INSTRUCTIONS FOR THE TASK: Write out the listing from the line with "Avrupa Altın Kemer" to the line with "Reversible Door &", both lines included, exactly and nothing beyond. Leave pictures out.

DATA PROVIDED:
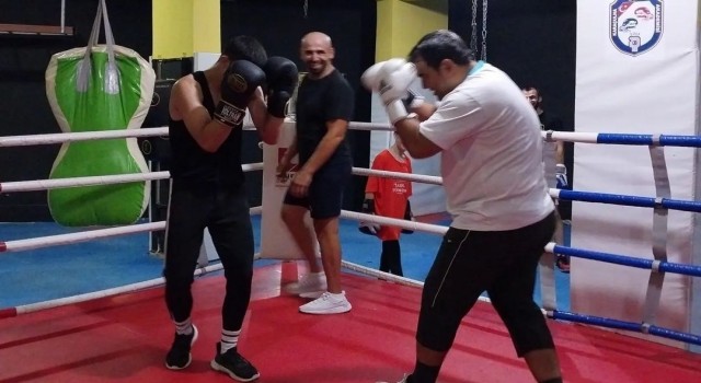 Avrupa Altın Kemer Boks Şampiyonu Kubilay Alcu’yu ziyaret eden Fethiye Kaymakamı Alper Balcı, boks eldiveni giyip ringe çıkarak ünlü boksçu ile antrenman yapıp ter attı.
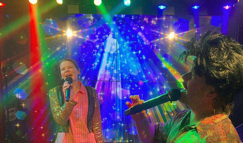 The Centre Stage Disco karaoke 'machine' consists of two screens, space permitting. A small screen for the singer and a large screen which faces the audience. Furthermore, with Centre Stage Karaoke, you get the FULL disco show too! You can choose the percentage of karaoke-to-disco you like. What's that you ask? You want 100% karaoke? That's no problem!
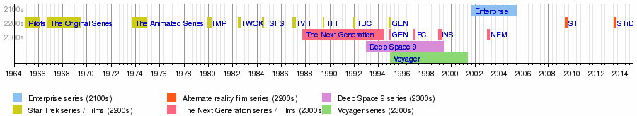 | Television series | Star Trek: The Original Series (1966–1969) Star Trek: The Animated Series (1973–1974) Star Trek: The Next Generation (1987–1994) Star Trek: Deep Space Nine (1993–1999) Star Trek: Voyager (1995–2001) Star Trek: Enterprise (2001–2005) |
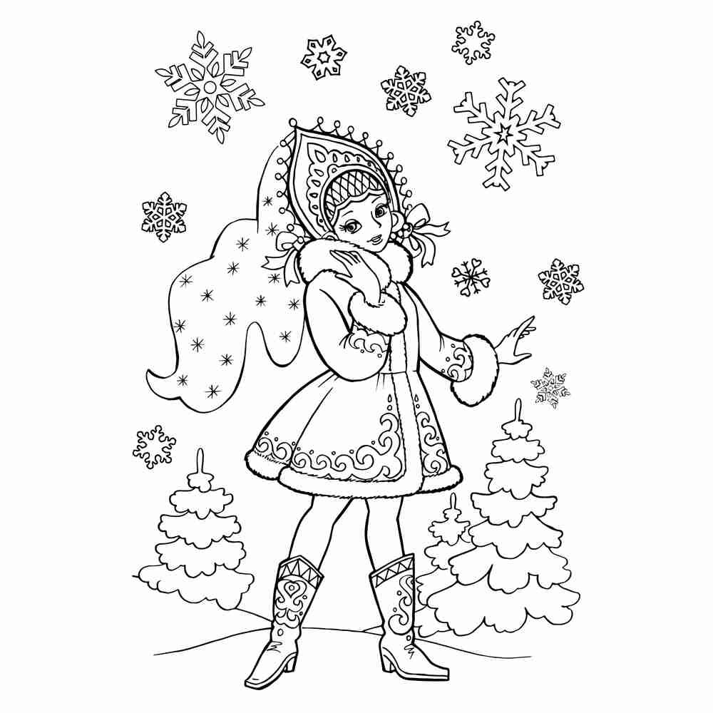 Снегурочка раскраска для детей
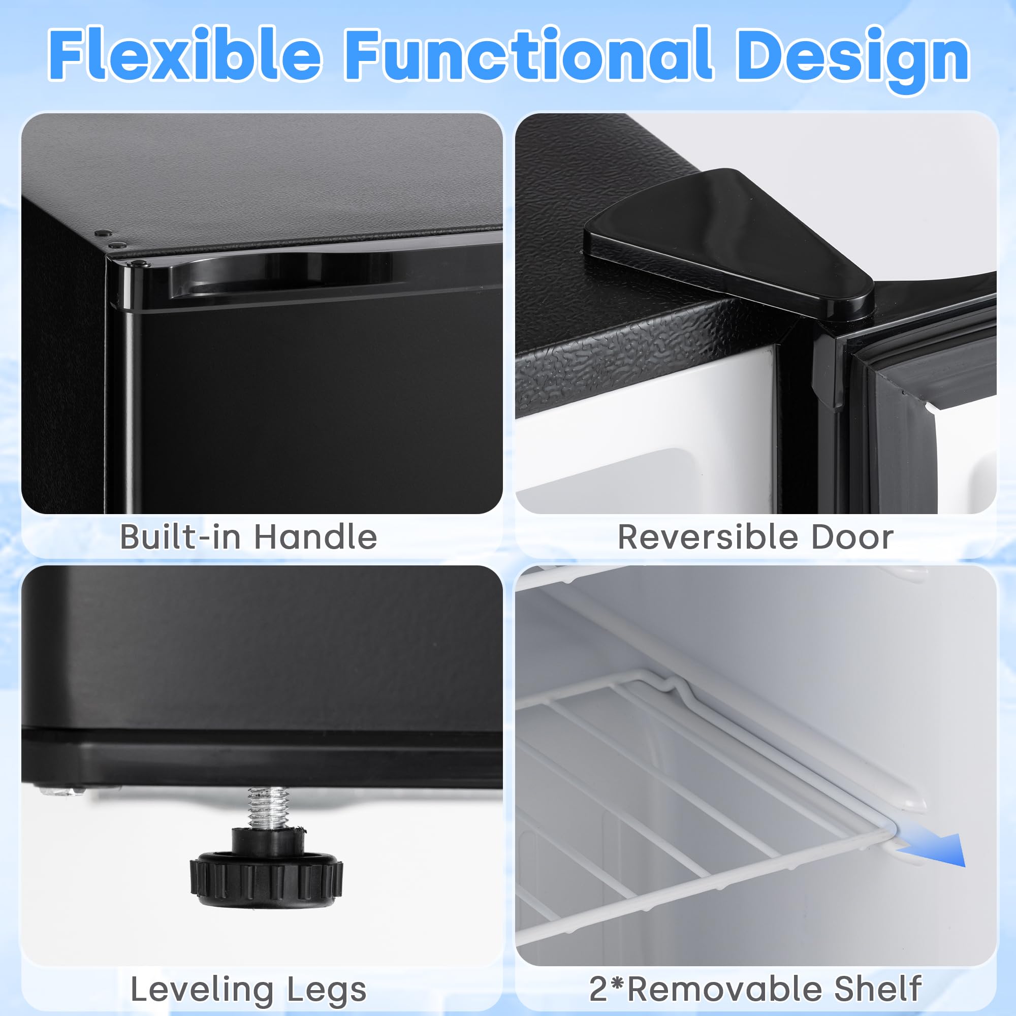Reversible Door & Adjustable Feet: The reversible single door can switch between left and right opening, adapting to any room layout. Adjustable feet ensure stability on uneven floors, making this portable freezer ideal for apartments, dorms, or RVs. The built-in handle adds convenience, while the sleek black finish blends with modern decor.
==
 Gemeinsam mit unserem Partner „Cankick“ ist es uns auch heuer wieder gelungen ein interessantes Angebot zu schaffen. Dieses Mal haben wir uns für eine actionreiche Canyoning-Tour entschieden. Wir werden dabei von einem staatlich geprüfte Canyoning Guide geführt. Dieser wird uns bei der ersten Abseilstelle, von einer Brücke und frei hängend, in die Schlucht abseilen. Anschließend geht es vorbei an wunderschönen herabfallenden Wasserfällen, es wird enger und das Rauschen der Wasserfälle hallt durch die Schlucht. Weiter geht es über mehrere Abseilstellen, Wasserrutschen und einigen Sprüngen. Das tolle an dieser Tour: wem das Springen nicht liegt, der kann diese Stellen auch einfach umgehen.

ANSWER AREA:
 Avrupa Altın Kemer Boks Şampiyonu Kubilay Alcu’yu ziyaret eden Fethiye Kaymakamı Alper Balcı, boks eldiveni giyip ringe çıkarak ünlü boksçu ile antrenman yapıp ter attı.
 The Centre Stage Disco karaoke 'machine' consists of two screens, space permitting. A small screen for the singer and a large screen which faces the audience. Furthermore, with Centre Stage Karaoke, you get the FULL disco show too! You can choose the percentage of karaoke-to-disco you like. What's that you ask? You want 100% karaoke? That's no problem!
 | Television series | Star Trek: The Original Series (1966–1969) Star Trek: The Animated Series (1973–1974) Star Trek: The Next Generation (1987–1994) Star Trek: Deep Space Nine (1993–1999) Star Trek: Voyager (1995–2001) Star Trek: Enterprise (2001–2005) |
 Снегурочка раскраска для детей
Reversible Door & Adjustable Feet: The reversible single door can switch between left and right opening, adapting to any room layout. Adjustable feet ensure stability on uneven floors, making this portable freezer ideal for apartments, dorms, or RVs. The built-in handle adds convenience, while the sleek black finish blends with modern decor.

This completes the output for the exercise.